Изменить стиль страницы

Вязник и дупластые ветлы густо растут по берегу старого Урала. Теперь река течет по новому руслу — ближе к станице — и уже начинает подмывать яр и ближайшие дома. Дед косит в кустах на старом Урале. Тут трава ничейная. Ее выкашивают на подкормку, кто сколько может. Здесь тоже густо растут тальники, а еще гуще ежевика. Весной можно найти кустики поемного лука — сочного, вкусного, а в ухе или в пирогах с яйцами еще вкуснее. Дед хорошо знает, где растет лук и самые лучшие кулижки травы. Останавливается и выбирает местечко, как лучше подъехать, чтобы было где лошадь привязать… Был случай, когда дедушка, не привязав Лысманку, ушел косить. Илья тогда был совсем еще маленький. Коню надоело стоять, а может, слепни стали одолевать. Он не вытерпел и побежал, аж колеса по кочкам подпрыгивали. Дедушка бросил литовку и за ним, а Илюшка с ревом за дедом. Выскочили они на берег, а конь-то прямо с тарантасом в реку — запомнил брод. Невдомек Лысманке, что вода в июне еще большая, глубокая.
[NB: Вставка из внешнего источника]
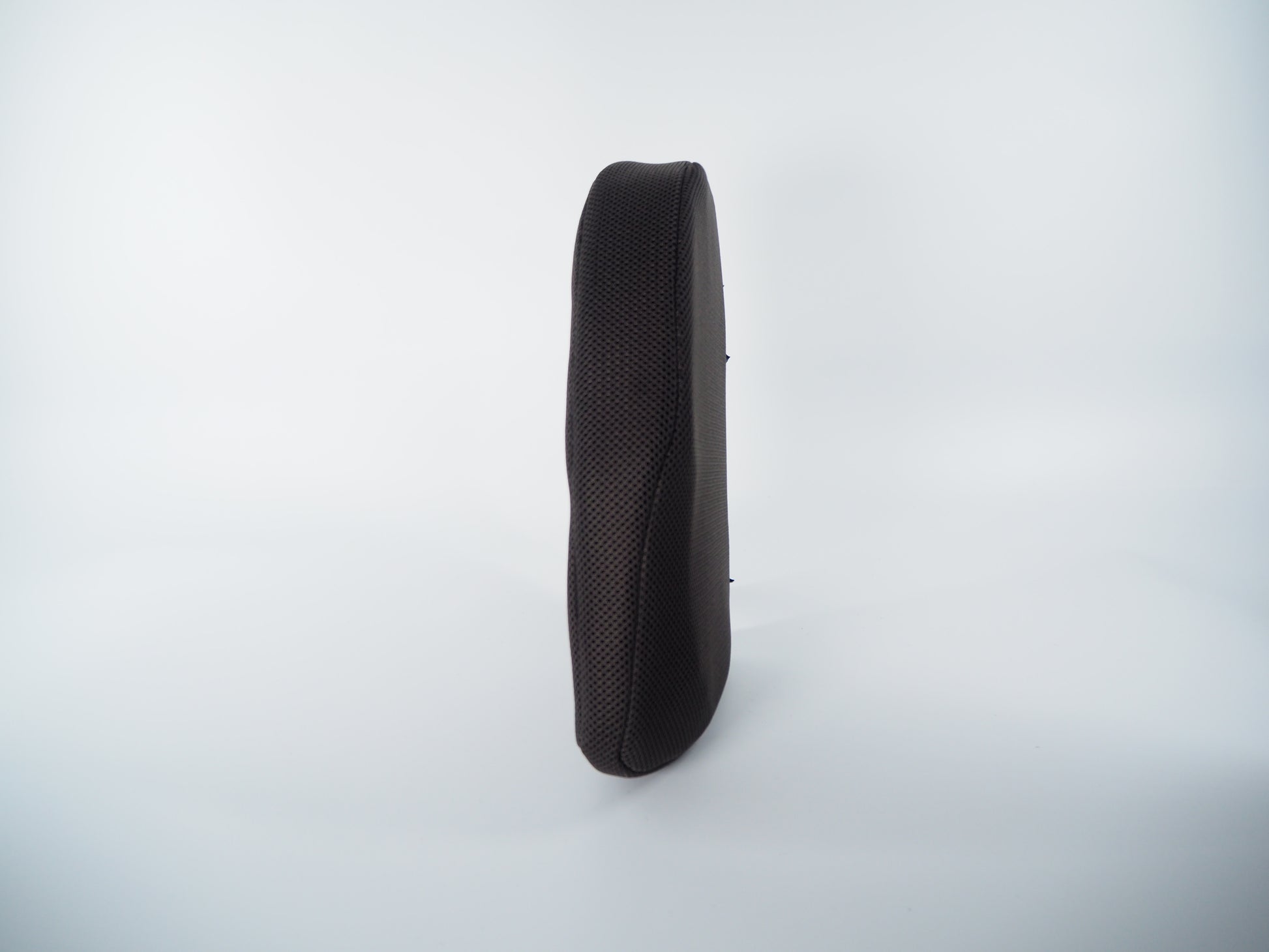これを防ぐためには、後傾しようとする骨盤を支える力(バックサポート)が必要であり、骨盤を広く適切に接する状態をつくることが体にとって一番楽な姿勢になります。ノビットシステムの「背クッション」は、骨盤を支えられるようなS字カーブになっています。背中が曲がっている方は「円背(えんぱい)用クッション」を利用することで、同様の効果を得られます。

Дедушка быстро разул сапоги, шаровары стянул, ножик в зубы и в воду бросился. А Лысманка то окунется вместе с дугой, то опять выныривает. С противоположной стороны казаки и ребятишки кричать начали, кто-то разделся и навстречу кинулся. Дед подплыл к лошади, обрезал гужи, освободил от оглоблей и, ухватившись за гриву, выплыл вместе с конем. Было тогда Никифору Ивановичу то ли 88, то ли 89 лет. За всю свою долгую жизнь он ничем не болел, а через пять лет помер от желтухи.
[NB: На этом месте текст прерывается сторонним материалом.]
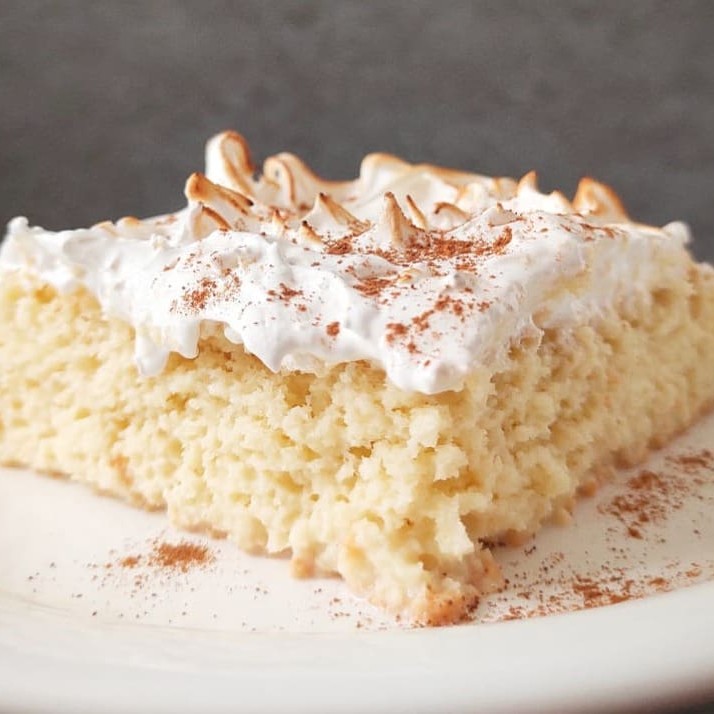 Delicioso bolo esponjoso de baunilha banhado em 3 tipos de leite: leite condensada, creme de leite e leite evaporada. Coberto com merengue suíço e um toque de canela em pó.

Это был первый в сознании Илюшки уход из жизни близкого, дорогого ему человека. Смерть деда так потрясла мальчика, что пришлось увести его на время к тетке Маше, отцовской сестре. Там же жила его крестная Манечка: молодая, круглощекая, с синими, сияющими глазами женщина, она бойко плясала на свадьбах и хорошо умела петь веселые и грустные казачьи песни. Муж ее — Илюшкин двоюродный брат Николай — был тихий, смиреннейший казак, которым крестная командовала, как хотела. Рос у них сын Васятка, славный добрый парень, намного старше Илюшки.

Привели Илюшку домой уже после похорон. Ему запомнилась панихидная в доме тишина, унылые стены, пропахшие ладаном и богородской травой. Тетушки Маша и Аннушка, а с ними еще какие-то старухи в черных салопах жгли по вечерам свечи, размашисто крестились и шумно вздыхали, с опаской поглядывая на хмурого, нетрезвого отца. Выпивши, он был куражлив, иногда буен — этого Илюха боялся до смерти. Теперь его побаивались не только хмельного, но и как главного в доме хозяина.

Илюшка ходил как неприкаянный. Сестры мало его интересовали. Беременная мать была целиком занята хозяйством. Жизнь ей отмеряла больше тревог, чем радостей. Почувствовав себя полновластным хозяином, отец придирался по всякому поводу. Единственно, кто его не боялся — это тетушка Анна. Однажды, затаившись в сенях, Илюшка случайно подслушал такой разговор:

— Ты чего это, Иван, басурманничаешь? — спросила тетка.

Отец ответил не сразу, закашлялся. В открытую дверь густо шел табачный дым.

— Что это за слова, Анна? — спросил наконец отец.

— Тятя еще не остыл, а ты уж всю горницу и божницу табачищем прокоптил…

— Ну, ладно. Помолчи лучше…

— А чего я буду молчать? Был бы жив тятя… — тетушка заплакала. Илюху тоже душили слезы. — Еще ладан не выветрился, а ты куришь, сквернословишь да водку глушишь! Анюту измучил!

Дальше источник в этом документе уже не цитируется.